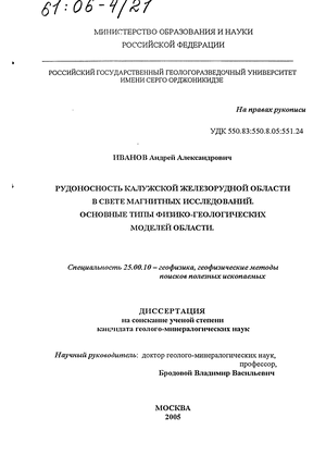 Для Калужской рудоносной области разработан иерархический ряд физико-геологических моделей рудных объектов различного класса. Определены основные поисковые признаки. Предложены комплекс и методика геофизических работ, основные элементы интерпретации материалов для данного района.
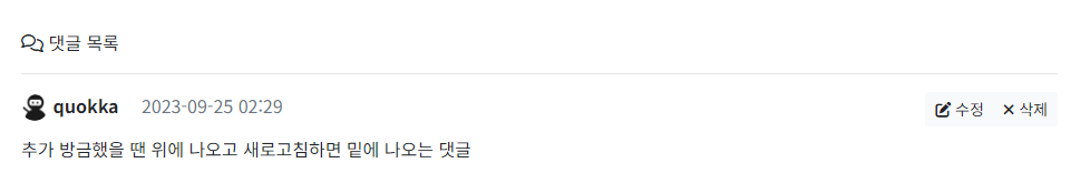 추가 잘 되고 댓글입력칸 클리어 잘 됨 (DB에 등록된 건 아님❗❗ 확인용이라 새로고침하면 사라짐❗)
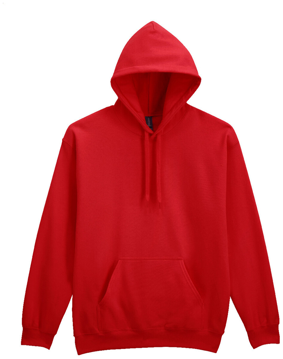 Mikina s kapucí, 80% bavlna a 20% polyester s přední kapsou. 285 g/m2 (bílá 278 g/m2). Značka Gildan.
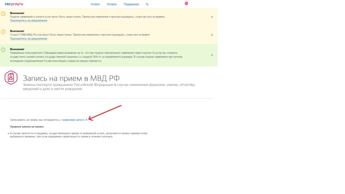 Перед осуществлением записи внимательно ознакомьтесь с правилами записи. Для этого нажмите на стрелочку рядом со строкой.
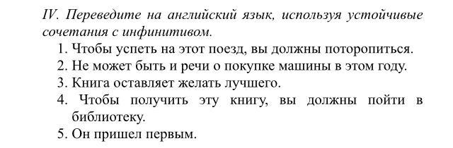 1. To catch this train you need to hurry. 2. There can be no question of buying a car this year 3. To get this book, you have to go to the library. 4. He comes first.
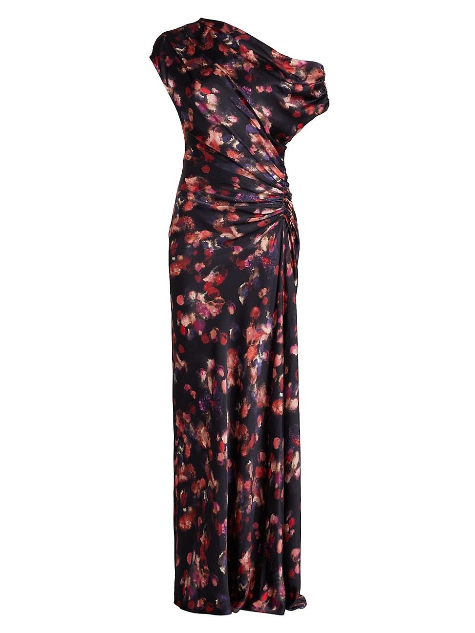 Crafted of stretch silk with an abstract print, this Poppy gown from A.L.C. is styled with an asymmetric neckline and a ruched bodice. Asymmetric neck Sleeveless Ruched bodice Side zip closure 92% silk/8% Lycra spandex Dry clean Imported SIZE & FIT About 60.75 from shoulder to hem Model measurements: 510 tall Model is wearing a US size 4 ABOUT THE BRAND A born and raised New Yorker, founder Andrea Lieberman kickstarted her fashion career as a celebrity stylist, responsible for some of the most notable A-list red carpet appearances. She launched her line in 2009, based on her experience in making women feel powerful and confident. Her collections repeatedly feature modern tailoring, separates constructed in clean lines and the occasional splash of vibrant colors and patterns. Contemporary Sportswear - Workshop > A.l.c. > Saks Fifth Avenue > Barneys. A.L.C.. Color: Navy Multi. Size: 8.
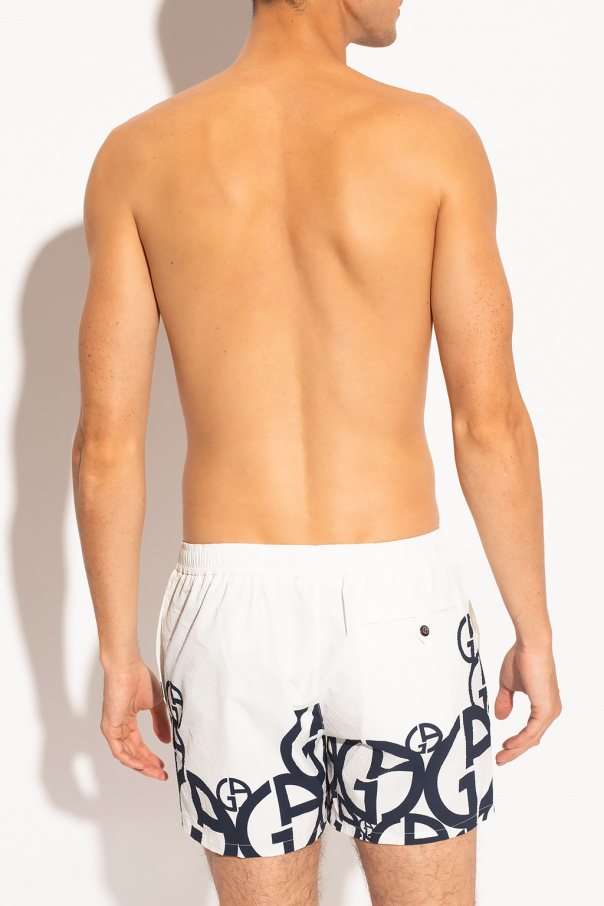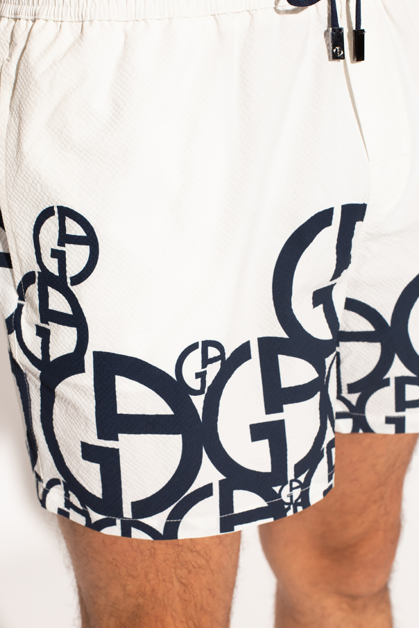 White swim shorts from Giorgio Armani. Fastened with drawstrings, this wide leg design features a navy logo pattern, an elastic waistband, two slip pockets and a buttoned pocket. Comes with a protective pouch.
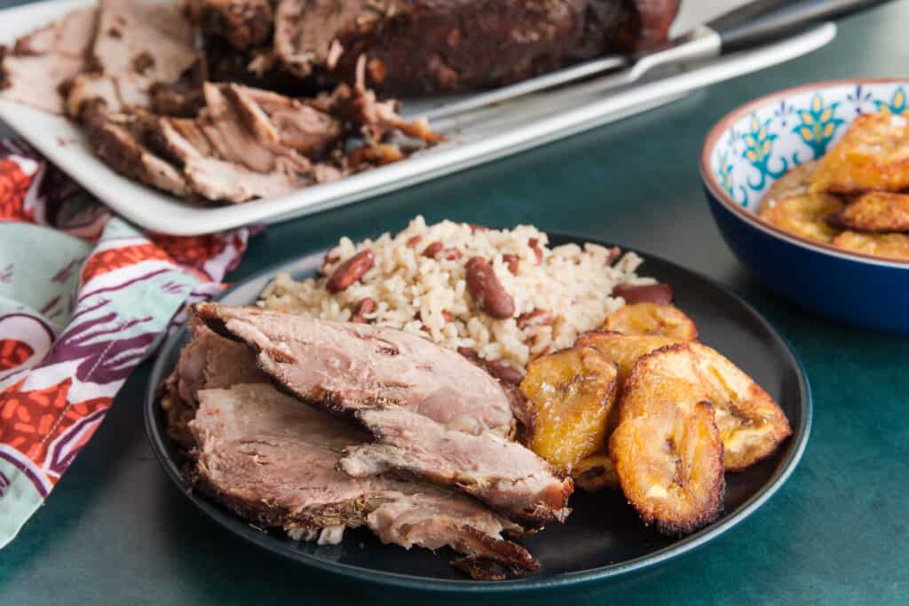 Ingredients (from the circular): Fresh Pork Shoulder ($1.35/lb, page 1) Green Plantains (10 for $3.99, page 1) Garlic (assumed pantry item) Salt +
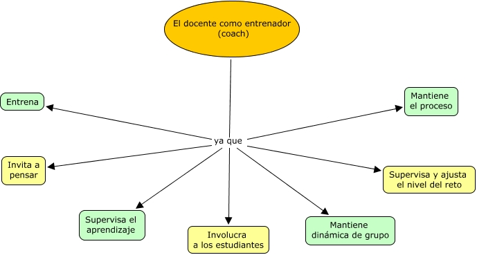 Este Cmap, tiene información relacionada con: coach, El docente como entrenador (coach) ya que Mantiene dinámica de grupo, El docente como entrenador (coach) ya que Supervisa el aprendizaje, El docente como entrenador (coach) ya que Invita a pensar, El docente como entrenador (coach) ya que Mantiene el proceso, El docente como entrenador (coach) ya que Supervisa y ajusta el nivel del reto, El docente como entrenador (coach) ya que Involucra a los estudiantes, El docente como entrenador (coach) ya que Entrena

★ ★ ★ ★ ★ ★ ★

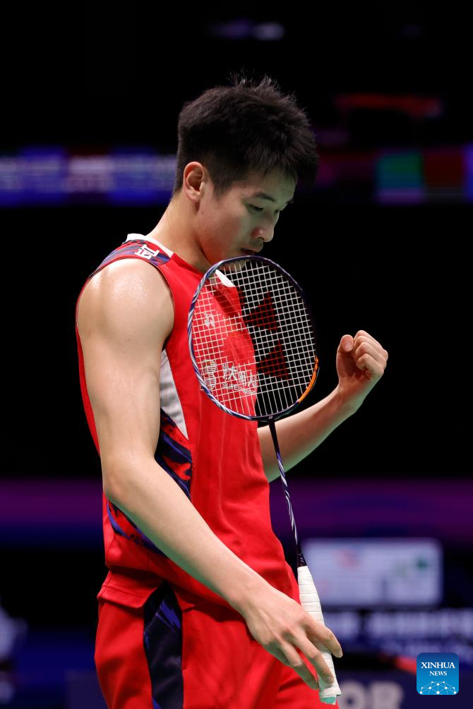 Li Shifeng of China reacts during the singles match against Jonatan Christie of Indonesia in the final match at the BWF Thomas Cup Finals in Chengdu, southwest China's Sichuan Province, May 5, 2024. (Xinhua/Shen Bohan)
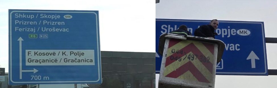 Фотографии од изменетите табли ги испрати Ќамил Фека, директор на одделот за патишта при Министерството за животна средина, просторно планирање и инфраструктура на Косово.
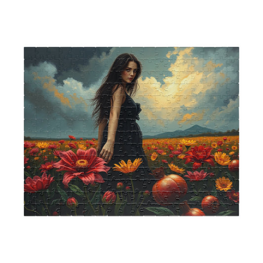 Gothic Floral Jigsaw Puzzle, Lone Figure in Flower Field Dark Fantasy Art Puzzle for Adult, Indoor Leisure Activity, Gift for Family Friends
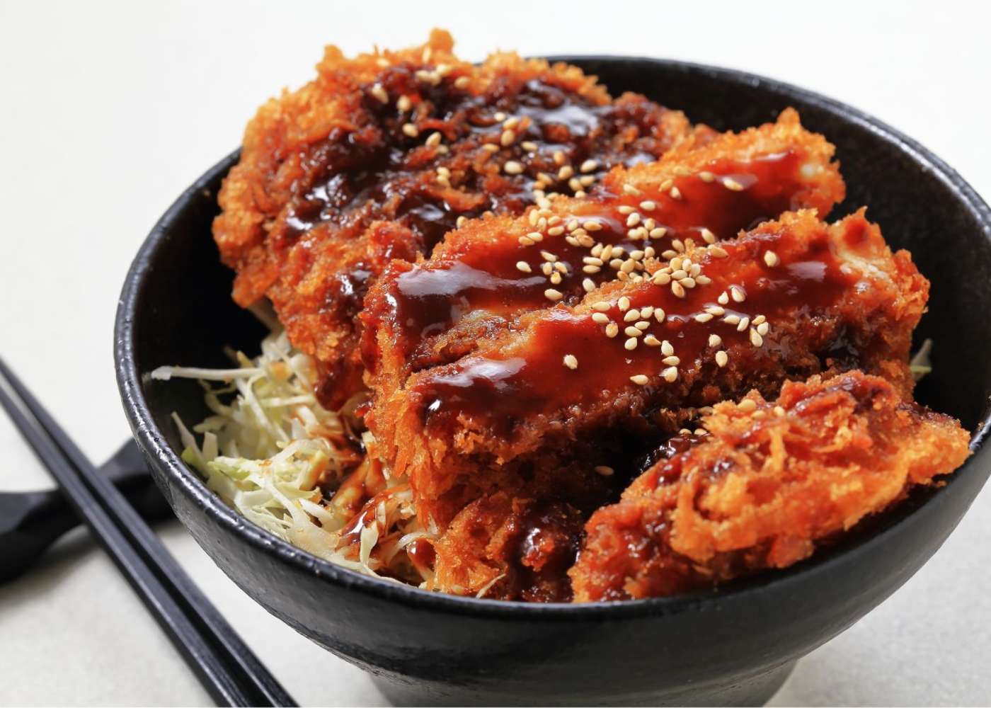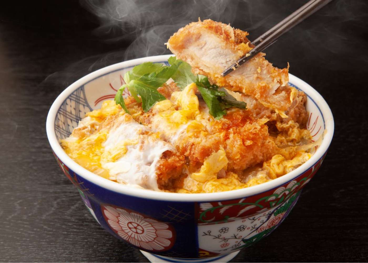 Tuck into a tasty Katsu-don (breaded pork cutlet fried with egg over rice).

★ ★ ★ ★ ★ ★ ★

With the pictures omitted, copy exactly the lines of the listing above starting at the line containing "Ingredients (from the" and ending at the line containing "Este Cmap, tiene", both included.

 Ingredients (from the circular): Fresh Pork Shoulder ($1.35/lb, page 1) Green Plantains (10 for $3.99, page 1) Garlic (assumed pantry item) Salt +
 Este Cmap, tiene información relacionada con: coach, El docente como entrenador (coach) ya que Mantiene dinámica de grupo, El docente como entrenador (coach) ya que Supervisa el aprendizaje, El docente como entrenador (coach) ya que Invita a pensar, El docente como entrenador (coach) ya que Mantiene el proceso, El docente como entrenador (coach) ya que Supervisa y ajusta el nivel del reto, El docente como entrenador (coach) ya que Involucra a los estudiantes, El docente como entrenador (coach) ya que Entrena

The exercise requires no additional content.